While the Review of the National Gene Technology Scheme is underway in stages, industry has welcomed the interim outcome of the 2016 Technical Review of the Gene Technology Regulations, which provides guidance for the future regulation of new breeding technologies and “organisms containing engineered gene drives” - and signals commencement of phase two of the 2017 consultation.
AusBiotech made submissions to the 2016 Technical Review of the Gene Technology Regulations and the 2017 Review of the National Gene Technology Regulatory Scheme, with the support of the AusAg & Foodtech Committee members from the public and private sectors, on behalf of members.
AusBiotech has advocated, like many in industry, for the adoption of Option 4, which excludes certain new breeding technologies from regulation on the basis of the product and/or outcomes they produce are no different to that what occurs in traditional breeding, except that they are more accurate in delivering outcomes. While Option 3, to regulate some new technologies based upon the process used, has been selected, this is accepted as an interim measure and welcomed on that basis. Under Option 3, organisms modified using site-directed nucleases without templates to guide genome repair (i.e.

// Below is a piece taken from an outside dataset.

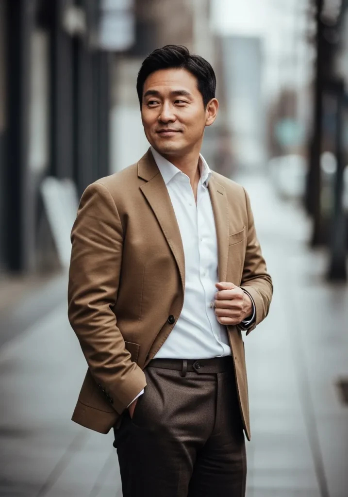 This outfit combines a camel blazer with a crisp white open collar shirt and dark trousers. The blazer adds warmth and softness, while the open neckline keeps things relaxed and stylish. Dark trousers ground the look and keep it firmly in business casual territory.

SDN-1) would not be regulated as genetically modified organisms (GMOs).
Mr Glenn Cross, CEO of AusBiotech, said “It is critical to the future introduction of biotechnology into Australia that the related regulation remains science‐based, rigorous and transparent.”
“AusBiotech cannot emphasise strongly enough the imperative that legislation and regulation pertaining to gene technology must keep pace with innovation, to enable the economic, efficiency and environmental benefits from new technologies to be realised.”
The review of Gene Technology Regulations aimed to reflect current technology and scientific knowledge and provide clarity about whether organisms developed using a range of new technologies are subject to regulation as GMOs and ensure that those new technologies requiring regulation is undertaken in a manner commensurate with the risks they pose.
During the discussion paper consultation, the OGTR said that it learnt “some stakeholders are not aware that organisms genetically modified utilising gene drives in their development are GMOs.” The Regulator has recently issued guidance for Institutional Biosafety Committees and researchers on the regulatory requirements for organisms containing engineered gene drives.
Phase Two of the consultation, led by the Department of Health and using the feedback received from Phase One consultation, commenced today and will conclude on the 15 December 2017, and the draft legislation is anticipated to be available from the OGTR this week for consultation until late January 2018.
There are numerous ways to participate in Phase two of the consultation process including a series of workshops and webinars that will be held in November and December 2017 across most states and territories, to explore the issues identified in Phase One consultation.
A third phase of consultation is planned to test proposed outcomes with stakeholders, is expected to open in early 2018.